Не могли не возникнуть вопросы о взаимоотношениях отца и дочери.

— ...Наверное, время было такое. Мы верили в партию, в коммунизм, а поди как все обер­нулось... До первого ареста я отцу ничего не говорила — совсем девчонка была, да и кто ду­мал, что его могут посадить за молитвы, больше ведь не за что было... Уже по возвращении его в 1945 году не раз я и все наши родственники просили его от­ступиться от Церкви — ведь ка­кую беду пережил! Он слушал, как-то огорченно улыбался и од­нажды сказал:

— Я же не против власти, я — за веру Христову! А беда при­шла... так мне и отвечать в пер­вую голову — потерплю…
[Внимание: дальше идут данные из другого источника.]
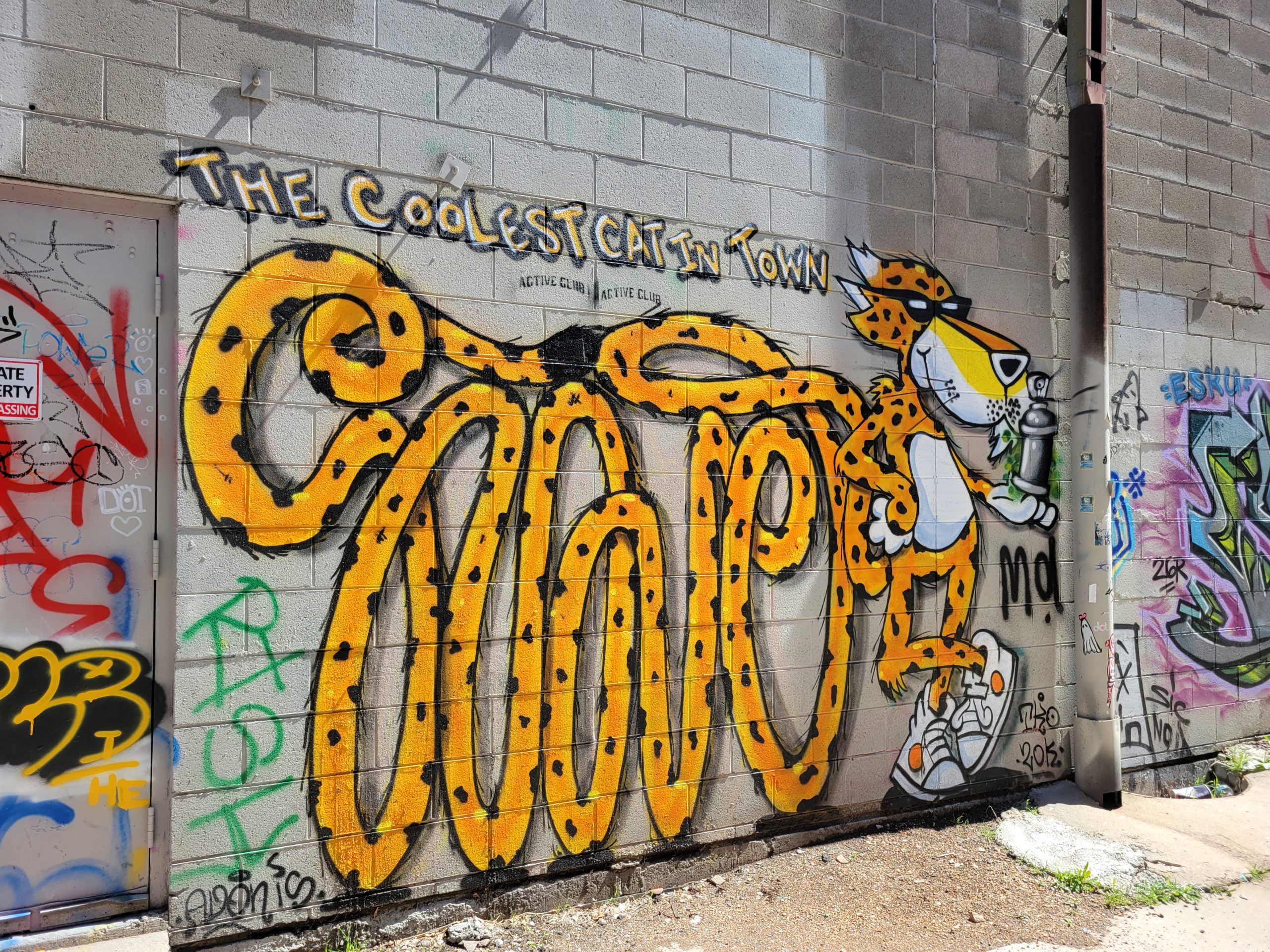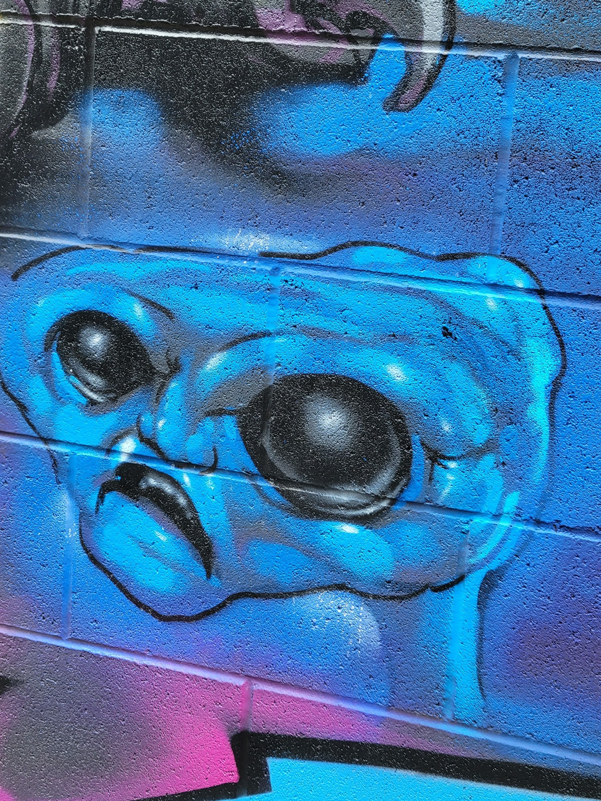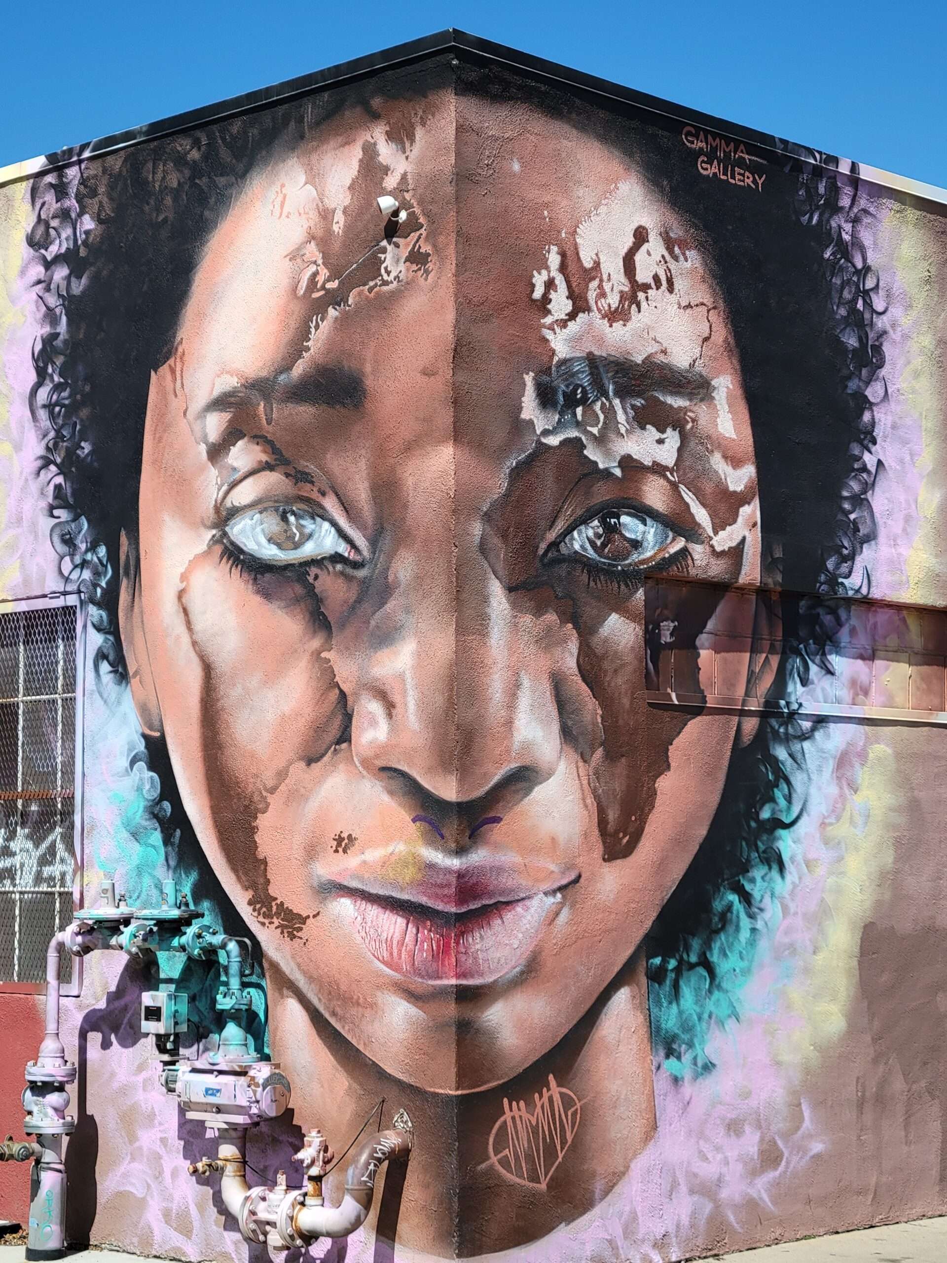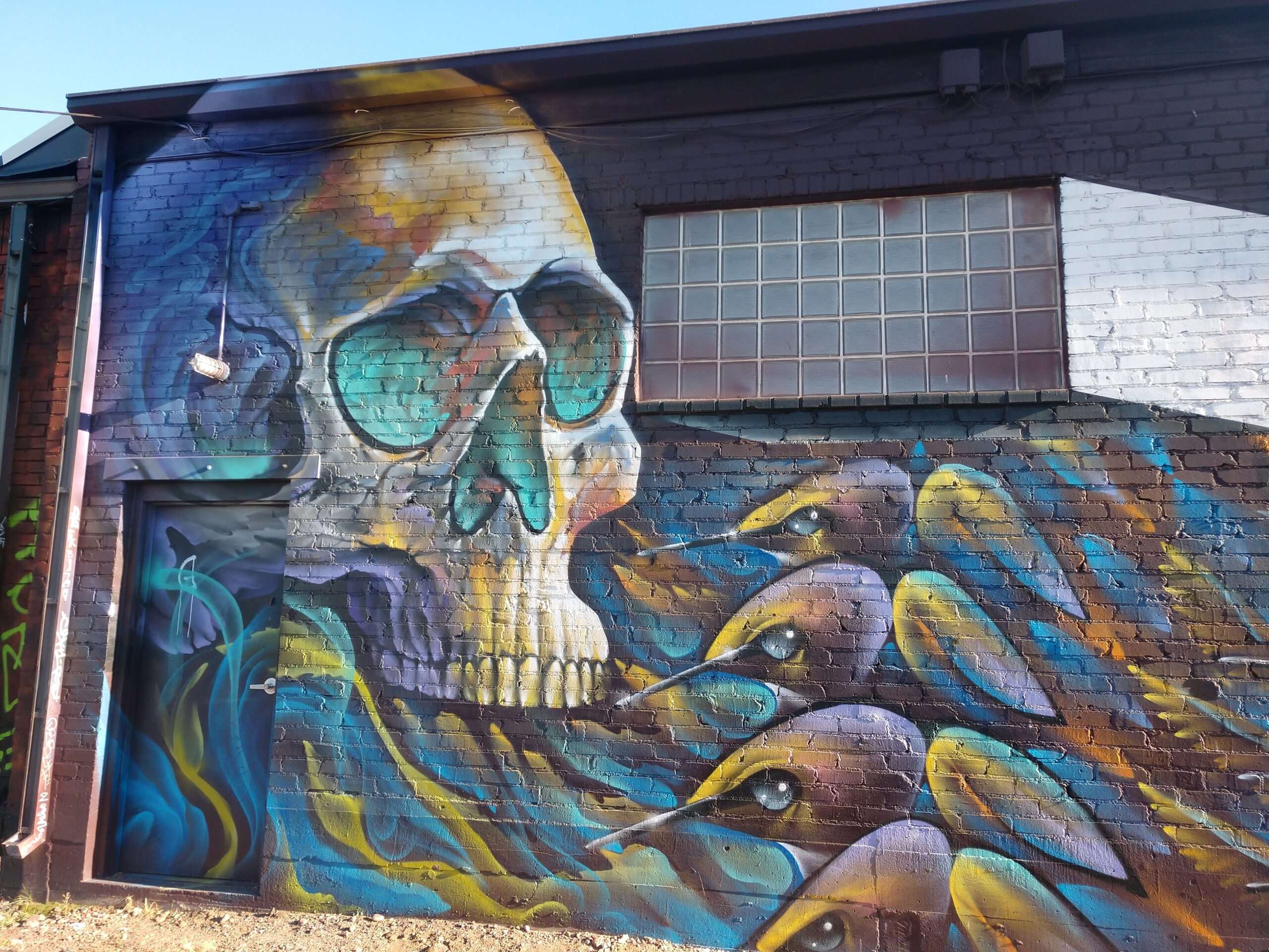 This simplistic but striking piece of street art features a white, abstract face with three eyes painted directly onto a dark grey metal surface in Denver. Rendered with bold black outlines and a subtle, knowing smirk, the enigmatic character transforms an ordinary piece of city infrastructure into a canvas for underground artistic flair.

И ведь не отступился от веры! А старушки на улице на меня прямо молились. Часто слышала вслед: дочка Божьего человека! После возвращения из второй ссылки отец служил священником в Осинниках, но недолго. Годы и подорванное тюрьмой и ссылкой здоровье брали свое… Но отец прожил долгую жизнь, ему было 82 года, когда он умер. До после­дних дней своих ходил в цер­ковь, что в Кировском районе Кемерово. Как однажды сказал, любит слушать церковное пе­ние, наблюдать за богослуже­нием — душа млеет. Так и ска­зал. Мы уж потом ему не пере­чили, поняли, что в вере был смысл всей его жизни. А может, и прав он был: растеряли веру в свое время, потому и живем так убого и страшно...

Наша беседа подходила к концу, а сидевший рядом за сто­лом Роман на чистом листе пы­тался нарисовать генеалогичес­кое древо своего рода и в самом низу крупными буквами напи­сал: АТАПИН АЛЕКСАНДР МИТРОФАНОВИЧ.

Протоиерей Алексей Курлюта, настоятель Никольского хра­ма города Кемерово, лично знал Александра Митрофановича:

— ...Отец Александр часто бывал в нашей церкви, молился, любил разговаривать с людьми о жизни, о Боге. Человек труд­ной судьбы, он был праведным прихожанином. Умер отец Алек­сандр летом 1971 года, но мы узнали об этом слишком по­здно, и похоронен он был в гражданской одежде. На празд­ник Успения Божией Матери я призвал прихожан молиться о упокоении отца Александра... А спустя некоторое время одна женщина сказала, что во сне ви­дела его в белых ризах... Дош­ла. знать, молитва до Бога...

Сергей ПАВЛОВ,

старший прокурор

отдела облпрокуратуры,

член Союза

журналистов России.

Источник: Газета Кузбасс приложение Золотые купола. 29 мая 2002г.